### Problem
Reproduce the data below word for word, setting aside any picture it holds.

### Given material
# # #

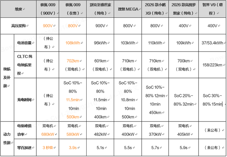 性能与智能驾驶层面,焕新极氪009将搭载全栈900V高压架构,电机总功率提升至680kW,折合925匹马力,动力性能超越多款高性能超跑。900V高压平台的全面应用,不仅为新车带来毫秒级动力响应与极致精准的操控体验,更实现了更高的安全冗余与更低的能耗表现,全方位刷新豪华纯电 MPV 的性能上限。
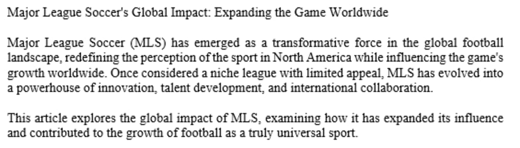 Major League Soccer's Global Impact: Expanding the Game Worldwide
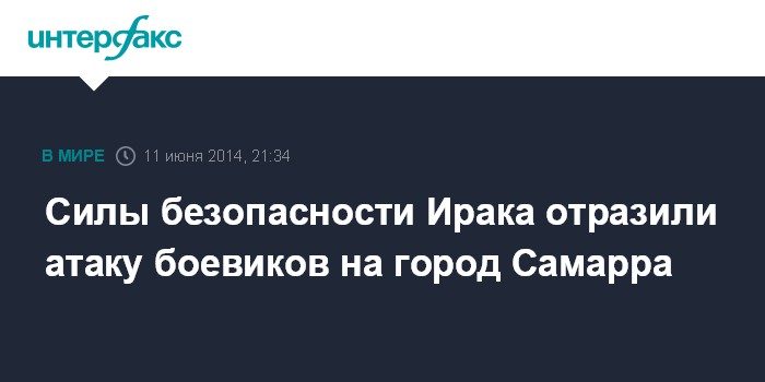 Москва. 11 июня. INTERFAX.RU - Боевикам пока не удается прорваться в город Самарра в провинции Салах-эд-Дин в Ираке, сообщают в среду западные СМИ со ссылкой на очевидцев.

# # #

### The completed task
 性能与智能驾驶层面,焕新极氪009将搭载全栈900V高压架构,电机总功率提升至680kW,折合925匹马力,动力性能超越多款高性能超跑。900V高压平台的全面应用,不仅为新车带来毫秒级动力响应与极致精准的操控体验,更实现了更高的安全冗余与更低的能耗表现,全方位刷新豪华纯电 MPV 的性能上限。
 Major League Soccer's Global Impact: Expanding the Game Worldwide
 Москва. 11 июня. INTERFAX.RU - Боевикам пока не удается прорваться в город Самарра в провинции Салах-эд-Дин в Ираке, сообщают в среду западные СМИ со ссылкой на очевидцев.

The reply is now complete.